Nigeria’s House of Representatives.
By Abdullahi O. Haruna Haruspice

That Nigerians are a unique people is indisputable, except that they live in undeniable reality but still deny their contradictions. In this clime, almost everyone is tied to one or two contradictions.

Consider this fact : The reference to northerners, southerners and easterners or westerners are mere geographical expressions, used mainly for academic and political purposes.

In the North of Nigeria exists a lamentable contradiction that wreck nonsense to the general notion that the region is a monolithic entity. Do you know that in this same north, the Fulani is never comfortable giving out his daughter to a Hausa man in marriage? There is an unwritten creed that paints the Fulani as blueblood and somehow superior to the Hausa lineage.
Have you wondered why almost all the emirs are Fulanis?

In this same north, do you know a Kanuri will hardly permit any kind of conjugal harmony with a Margi or Gwoza tribe of the same Borno State ?

Take a stroll down the north central part of Nigeria where the Ebiras are not one tribe as it looks. Amongst the Ebiras, those found around the River Niger are considered Anabi and therefore not ebira enough to be integrated into the Ane Ebira confraternity.
A clan called Ihima do not enjoy the assemblage of the Ebiras in Okene- in fact, marriages between these two folks is like Isreal and Palestinians agreeing to get hitched. In the same Kogi State, the Igalas are also defined in superiority terms. The Ibaji, Akpoto are derogatorily looked down upon as second class clans with others enjoying the blueblood labels.

Popular parody doppelganger of late Chief Odumegwu Ojukwu in his hilarious but acidic jab wrote about the ironic contradictions in Igbo land. According to him, Ndi Anambra are not open to marrying ndi Imo, it happens, but rarely. Ndi Enugu see Ebonyi as Wawa and inferior. Ndi Imo seem to have an aversion to Mbaise meanwhile, they are from the same state.
During elections in Igbo land, there is always a string battle between Catholic candidates versus Anglicans and other churches.

Take a closer look at the academic community in Nigeria. It is a written taboo to have a non-indigene reign as Vice-Chancellor of a University sited in the state. For example, in Makurdi, Benue State, Tiv people once took to the streets in frightening riotous mood that led to the closure of the Federal University of Agriculture, Makurdi because the Vice-Chancellor that was appointed at that time isn’t from the land where the institution is located.

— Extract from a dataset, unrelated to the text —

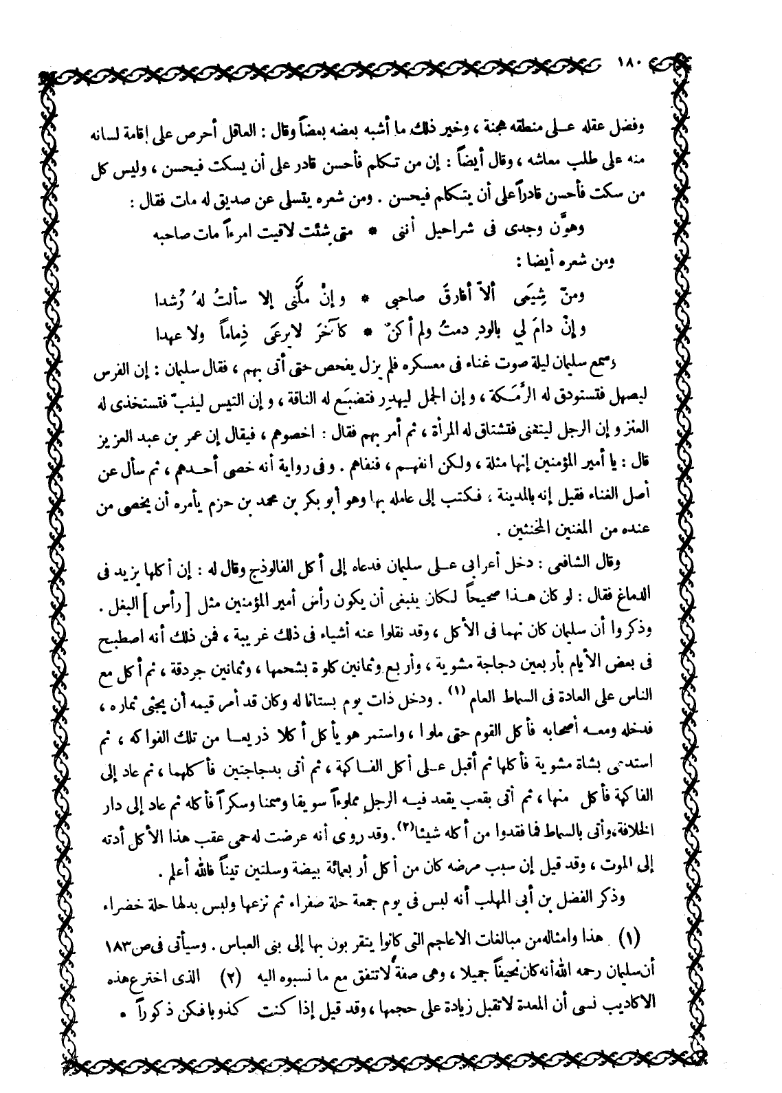 [1] هذا وأمثاله من مبالغات الأعاجم التي كانوا يتقربون بها إلى بنى العباس. وسيأتي في ص 183 أن سليمان رحمه الله أنه كان نحيفا جميلا، وهي صفة لا تتفق مع ما نسبوه اليه
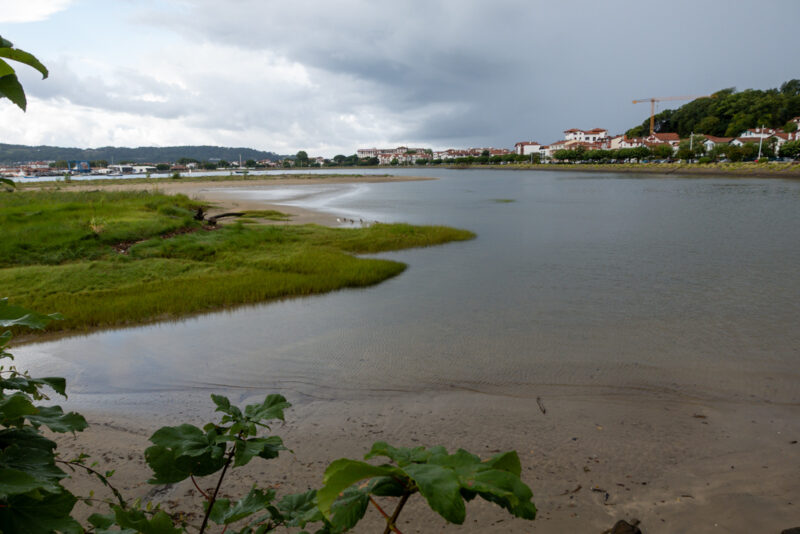 Ich vertreibe mir die lange Zugfahrt mit Schreiben, Musik hören und beobachte immer wieder die Regentropfen an der Scheibe. Es zieht sich ein bisschen. Aber ich fahre nun innerhalb eines Tages mit dem Zug bis an die spanische Grenze, bis an die Atlantikküste. Schon cool, wie schnell das geht. Und es ist eine sehr entspannte Anreise. Für die erste Nacht habe ich mir ein Hotelzimmer direkt in Hendaye gebucht, damit ich erstmal ankommen kann und mich um nichts kümmern brauche. Auch wenn es sehr teuer ist in diesem Touri-Ort mit breitem Sandstrand direkt vor der Tür. Es gab nur ein Zimmer unter 150 €. In Irun, im spanischen Nachbarort bekommt man sehr viel günstigere Zimmer. Ich wollte mir zum Beginn den Luxus gönnen, morgen nicht erst noch 2 Stunden zu meinem Startpunkt laufen zu müssen. So kann ich direkt 10 Minuten vom Hotel entfernt loswandern.

In Ahmadu Bello University, Zaria, twenty years ago since Prof Daniel Saror, a non-indigene reigned as Vice Chancellor of that prestigious University, no non-core northerner has climbed the exalted position of that citadel that used to be a reference of a cosmopolitan institution that once had a Yoruba man, Professor Akinkugbe as Vice-Chancellor. This sore reality is applicable in all Nigerian institutions of learning where the twin evils of religious bigotry and ethnic chauvinism have taken grip and displaced merit.

Nigeria would have been so sweet, if an Igbo man could be the Vice-Chancellor of ABU Zaria, just as a Hausa man once held sway as VC of University of Benin, Benin City, or an Igalaman becoming the Vice Chancellor of University of Lagos!
Today, just like the political class, the gown has been consumed by the evil trinity of politics, ethnicity and religion.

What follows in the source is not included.